A Sport is What?
I’ve always loved the Winter Olympics. But this year I noticed a sport I’d never seen before, biathlon. It sparked my interest. Then I learned that it was a sport where people shoot targets after skiing for long distances.
Now, I grew up in Michigan, and people there like to hunt. Even so, I am not a fan of biathlon. It just seems like two things that were tacked together with no thought to whether they meshed or not, so I went around making fun of biathlon for being a ridiculous sport. I even went so far as to say curling made more sense. Then last week I looked up some of the sports under consideration by the Olympic Committee. Have you heard of korfball? I sure as hell hadn’t. To make matters worse I still don’t know what korfball is - I tried to find out so that I could make fun of it. I went and looked it up, figuring anything called korfball would be funny enough for me to poke fun at for an article for Professor Yeti. And you chicken shits were too afraid to tell me what it was!
Hey, korball people! I’m calling you out. You and I are gonna rumble unless you can tell me what the hell korfball is. Maybe that’s why the Olympic Committee won’t let you play in any Olympic Games. I went to the website and now all I know is that your sport was invented by a gym teacher and you have a net. You just make the rules up as you go, don’t you? It’s like Calvin ball.
Come on, now, even tug of war knows what it is. Yeah. Tug of War. It was a fucking Olympic sport for a while. Bunch of dudes pulling on the rope, and there was a gold medal for it. I looked it up, not that I can do that for korfball.
But let’s face it, the biggest problem you’re facing is the fact that you call your sport korball. That doesn’t really sound like sport. I mean, if you tell me one of the following is an Olympic sport: topless women’s rugby or korball, I’m actually going to choose topless women’s rugby. What does that tell you about the name korfball? You wonder why biathlon is in and you aren’t? Biathlon just sounds Olympic. It’s nice and simple: bi-athlon. Two athlons . . . which I think means sport . . . I don’t know. I’m drunk right now, what do you want from me, korfball? I hope it’s not respect, because I’m too drunk for that. You drove me to this korfball, your bullshit sport made so little sense I said, “I need a drink . . .”

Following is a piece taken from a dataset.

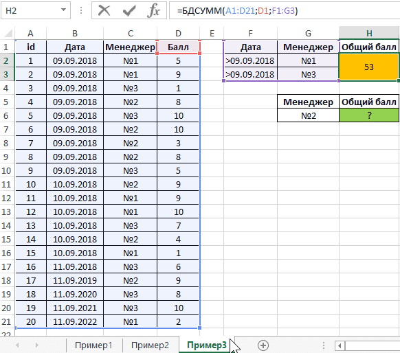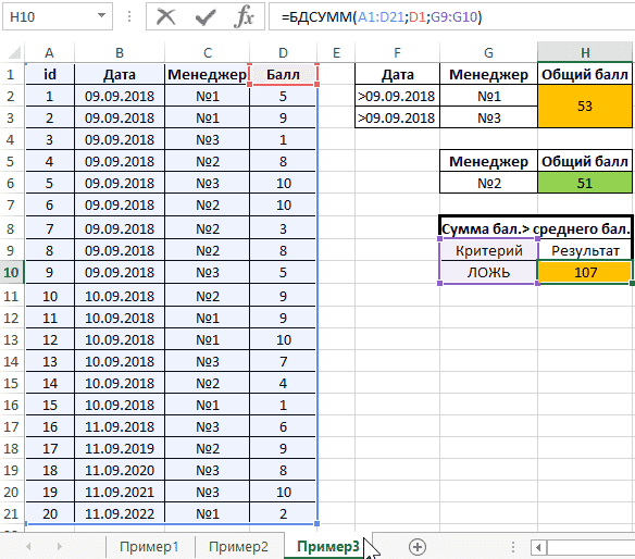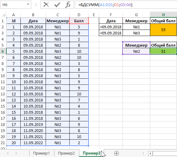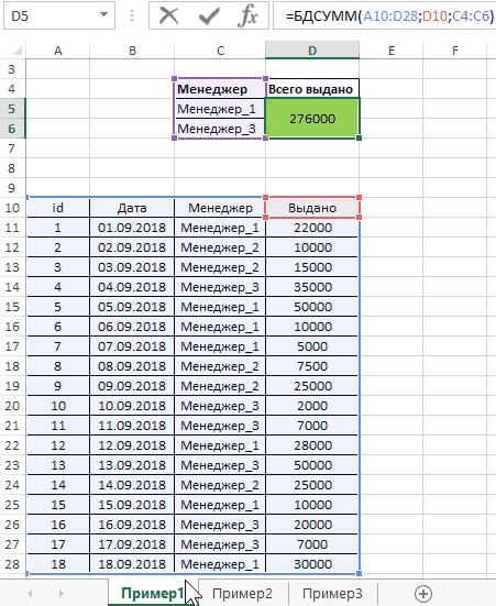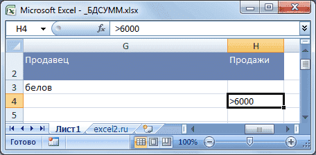 Пример функции БДСУММ для суммирования по условию в базе Excel

Hell, you’re in the same category as chess. Chess, while really complicated and amazing, is not a sport. When was the last time you saw someone weight training for chess? And you aren’t any more valid than chess. Actually you’re less valid than chess because chess already has international support. I don’t even know why chess feels it needs to be an Olympic sport. It seems like a bad idea all around.
Word to the wise, chess people. If it does become an Olympic sport, the U.S. will dump scads of cash into becoming internationally dominant. From there it’s just a short step to Mountain Dew sponsoring it and someone moving “Ra6-g6″ screaming “Extreme!” and flipping the table. . . .
Actually, I’d pay to see that.
Ian Macleod would never pay to see korfball.